Calculate how much car you can afford

Michael Elmassih (right) concludes a sale with Eric Montalvo, who is buying his first car at Quincy International Auto Sales in Quincy, Mass., in this 2008 photo. Mr. Montalvo put down 30 percent of the price and the bank quickly approved the loan. (Melanie Stetson Freeman/The Christian Science Monitor/File)

Consumers carried an average of $15,275 in auto loans in August. Depending on the type of car and your financial situation, be mindful of how much you need to borrow in order to finance your car. If you can’t put down a significant down payment, taking out a large loan and having high monthly payments may mean the car is out of reach for your budget. A general rule to follow is that your monthly car costs, including loan payment, auto insurance, and fuel costs, shouldn’t exceed 20 percent of your disposable income – your money left over after paying bills, living expenses, and debts. Take advantage of free resources like Edmunds.com’s affordability calculator to narrow down the price range of cars that fit your budget.

Research the value of your car

Cary Caldwell, an auto appraiser for CarMax, inspects a vehicle brought in for trade in Irving, Texas, in this 1998 photo. CarMax relies on getting cars from individual owners more than the traditional large auction houses. Before trading in your car, find out its value. (Andy Scott/Dallas Morning News/Newscom/File)

Before walking into a dealership, the best negotiating tactic is to know the value of the car you want. Do your homework and research the true price of the car, which will help set a realistic target price. That allows you to assess if you can afford the car, and puts you in a better position to negotiate. TrueCar is a helpful tool that provides the expected price of the car, based on aggregated data of how much that specific car sells for in your zip code.
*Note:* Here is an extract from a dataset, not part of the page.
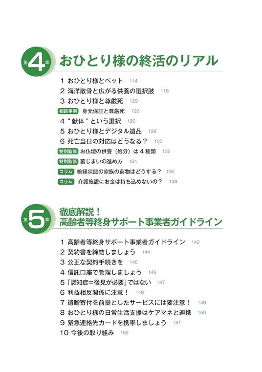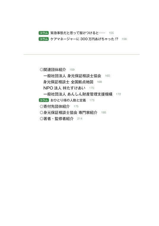 特に、 入院・施設入居時の身元保証人問題 認知症・急病時の緊急対応 死亡後の遺体搬送、葬儀・供養、遺品整理 信頼できる寄付先の選定や契約の注意点といった、実務的な問題に直面したときの具体的な対応を、図解やチェックリストとともに紹介。巻末には、身元保証に対応する団体情報、信頼できる専門家や相談先も収録し、実用的なガイドブックとして構成されています。

This price gives you and the dealer a fair starting point for negotiation.

Consider different financing options

RoadLoans.com launches its next-generation website, which features a host of online tools for car buyers, as well as online loan and refinance applications. Check out all your financing options before you decide on one. (RoadLoans.com/PRNewsFoto/File)
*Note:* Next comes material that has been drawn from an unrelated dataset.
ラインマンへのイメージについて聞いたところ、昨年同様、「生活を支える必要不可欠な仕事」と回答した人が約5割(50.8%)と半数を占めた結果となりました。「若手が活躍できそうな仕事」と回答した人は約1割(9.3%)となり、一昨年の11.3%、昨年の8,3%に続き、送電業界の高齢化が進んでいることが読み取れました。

While paying in cash for a car can help you negotiate a lower price, it's an option that is out of reach for many consumers. There are various loan financing options available, so be sure to research your options for the best deal. While dealer-sponsored financing may be convenient, you may be able to find better terms, lower rates, and more open financing policies at a credit union or local bank. Be sure to research and compare across different auto loans, including the loan term, the annual percentage rate (APR), as well as any additional fees or penalties. Also, getting a pre-approved loan from your credit union or bank could give you added confidence in negotiating a good price.

As a general rule, keep your loan term to five years or less; the longer the loan term, the higher your interest costs will add up by the end of the loan term. Just make sure you don’t wait until the last minute to figure out your financing options; you may end up relying on a dealer's loan and held to his loan terms.

Check for savings opportunities

Car dealerships are seen along Northern Boulevard in New York last year. Be sure to check for any factory or dealer incentives for the model car you want to buy. (Shannon Stapleton/Reuters/File)

Before you hit the car lot, check for any factory or dealer incentives offered on the car you want. Search online for the make of your car and type in “factory and dealer incentives.” Doing a little homework is an easy way to walk in with another bargaining chip to lower the car’s sticker price. Or, if you’re planning to trade in a car, find the trade value of your old car in Kelley Blue Book.

While the car’s maintenance history and condition will affect the trade-in value, dealers are notorious for low-balling consumers when purchasing their trade-in. Make sure you don’t get taken advantage of and set reasonable expectations based off of your car’s Kelley Blue Book resale value. Don’t be afraid to ask questions or ask if they can offer more; it doesn’t hurt to be straightforward and honest when you negotiate.

Justine Rivero is the credit advisor for Credit Karma, a credit management and education company for consumers and based in San Francisco.